Until stamp duty is reformed and a greater diversity of housing is available in areas where ageing households actually want to live, older households will continue to age in place until they have no other option. This may be due to health reasons.

Steven Rowley argues for stamp duty to be replaced by a broader-based land tax. Photo: Supplied

While households on high incomes continue to have a choice of housing options across Australian markets, those households on low to moderate incomes, extending to households well above median incomes in some cities, have very few options.

The housing market needs to deliver a variety of housing options for our broad range of household types, and this will require policy intervention to house those on low to moderate incomes.

Instead of the current stamp duty model, we should look at replacing stamp duty with a broad-based land tax. This would lower upfront housing costs by thousands of dollars and would improve mobility as households would not have to pay stamp duty every time they moved.

A land tax would require all households that bought a house to pay an annual sum in tax instead of stamp duty. The tax would effectively be spread across the time spent living in the home rather than paid upfront in one big hit, improving affordability and accessibility. The housing industry is broadly supportive of this reform.

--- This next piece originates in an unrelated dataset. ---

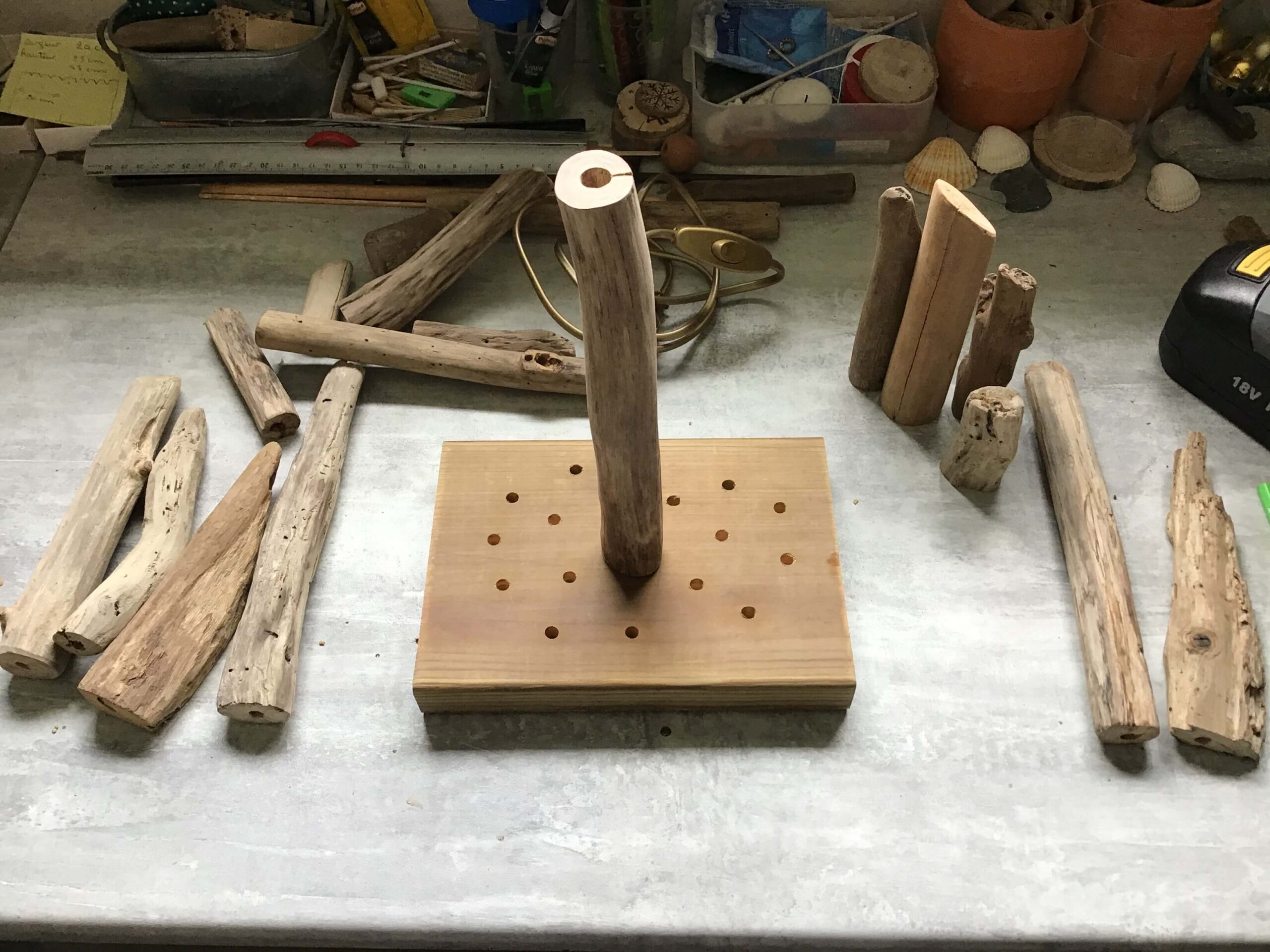 Ensuite, trouez le socle aux différents endroits choisis ainsi que chaque bois flotté pour y insérer les tourillons (mèche 6).

Given the lack of housing options in our major cities, families are being forced out of many of the inner areas. This is not a problem if the employment opportunities exist, but it is hardly ideal if access to work becomes difficult and expensive.

Housing in areas with high quality amenities, often in inner city locations, remain those most in demand because of the lifestyle offered by such suburbs. Consequently demand is high and prices reflect this demand. Infill redevelopment in these areas will not deliver a supply of affordable detached or even attached housing unless there is some form of intervention.

Without intervention and reform to stamp duty, we will see the current patterns of household location continue. Children will stay at home for longer and families will be forced further away from areas of high amenity.